Leave out the pictures and repeat the data exactly.

_RECORDED INFORMATION_:
____________

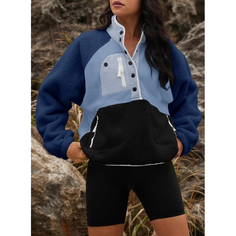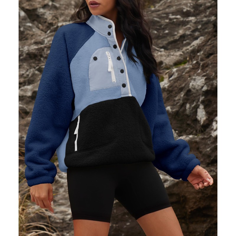 - Features: Womens fleece jacket with contrast bust pocket and color block detailing for a fun touch, fuzzy fleece pullover women with lapel collar, quarter button up and two zip side pockets design makes you dress up and down easily
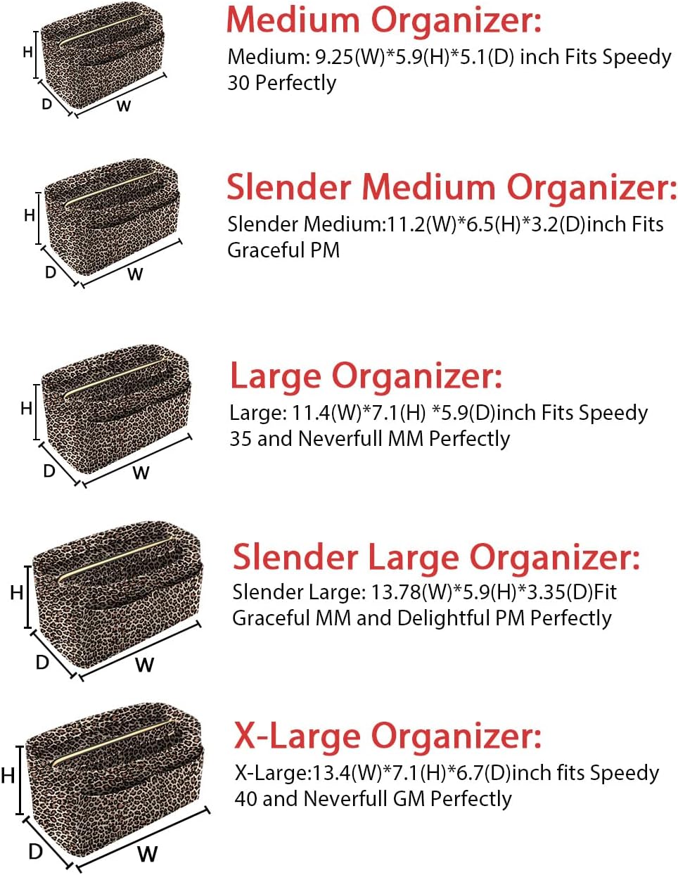 • SIZE OF BAG ORGANIZER: Medium: 9.25(L)*5.9(H)*5.1(W) inch Fits Speedy 30 Perfectly. Slender Medium: 11.2(L)*6.5(H)*3.2(W)inch Fits Graceful PM. Large: 11.4(L)*7.1(H) *5.9(W)inch Fits Speedy 35 and Neverfull MM Perfectly. Slender Large: 13.78(L)*5.9(H)*3.35(W)Fit Graceful MM and Delightful PM Perfectly. X-Large:13.4(L)*7.1(H)*6.7(W)inch fits Speedy 40 and Neverfull GM Perfectly. Portable and Compact Purse Perfectly For any Brand.L*H*W means (Length*Height*Width)
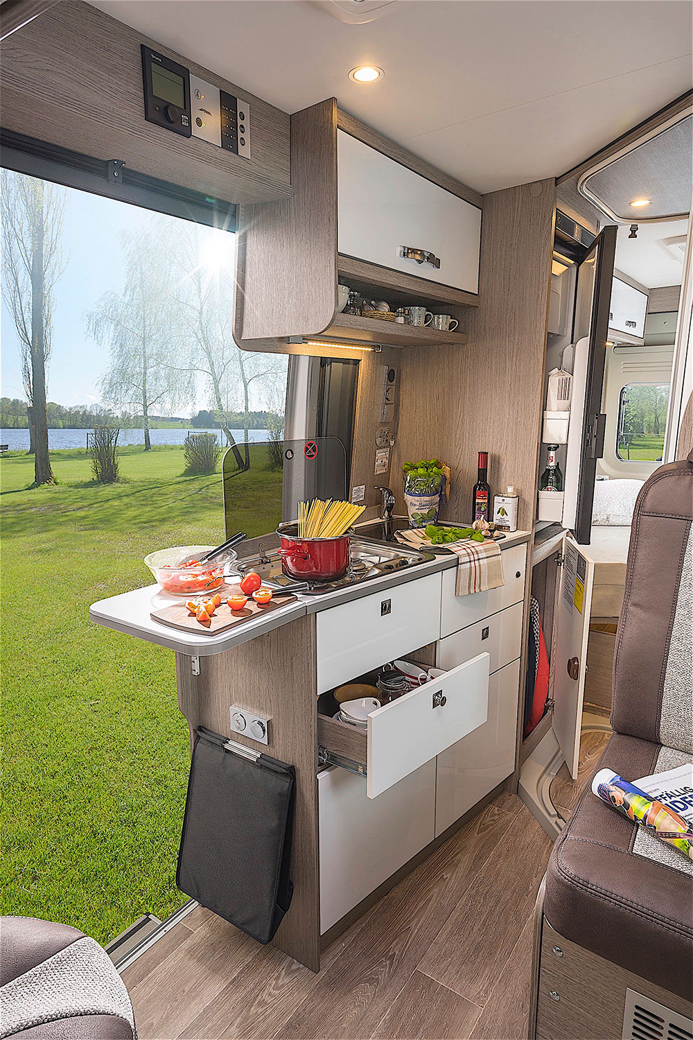 De keuken van de Roadcruiser Evolution combineert compactheid met functionaliteit. Dankzij het opklapbare werkblad creëert u in een handomdraai extra ruimte wanneer u die nodig heeft. De ruime lades zijn groot genoeg om al uw keukengerei netjes op te bergen, zodat alles binnen handbereik is.

____________

_TASK SOLUTION_:
 - Features: Womens fleece jacket with contrast bust pocket and color block detailing for a fun touch, fuzzy fleece pullover women with lapel collar, quarter button up and two zip side pockets design makes you dress up and down easily
 • SIZE OF BAG ORGANIZER: Medium: 9.25(L)*5.9(H)*5.1(W) inch Fits Speedy 30 Perfectly. Slender Medium: 11.2(L)*6.5(H)*3.2(W)inch Fits Graceful PM. Large: 11.4(L)*7.1(H) *5.9(W)inch Fits Speedy 35 and Neverfull MM Perfectly. Slender Large: 13.78(L)*5.9(H)*3.35(W)Fit Graceful MM and Delightful PM Perfectly. X-Large:13.4(L)*7.1(H)*6.7(W)inch fits Speedy 40 and Neverfull GM Perfectly. Portable and Compact Purse Perfectly For any Brand.L*H*W means (Length*Height*Width)
 De keuken van de Roadcruiser Evolution combineert compactheid met functionaliteit. Dankzij het opklapbare werkblad creëert u in een handomdraai extra ruimte wanneer u die nodig heeft. De ruime lades zijn groot genoeg om al uw keukengerei netjes op te bergen, zodat alles binnen handbereik is.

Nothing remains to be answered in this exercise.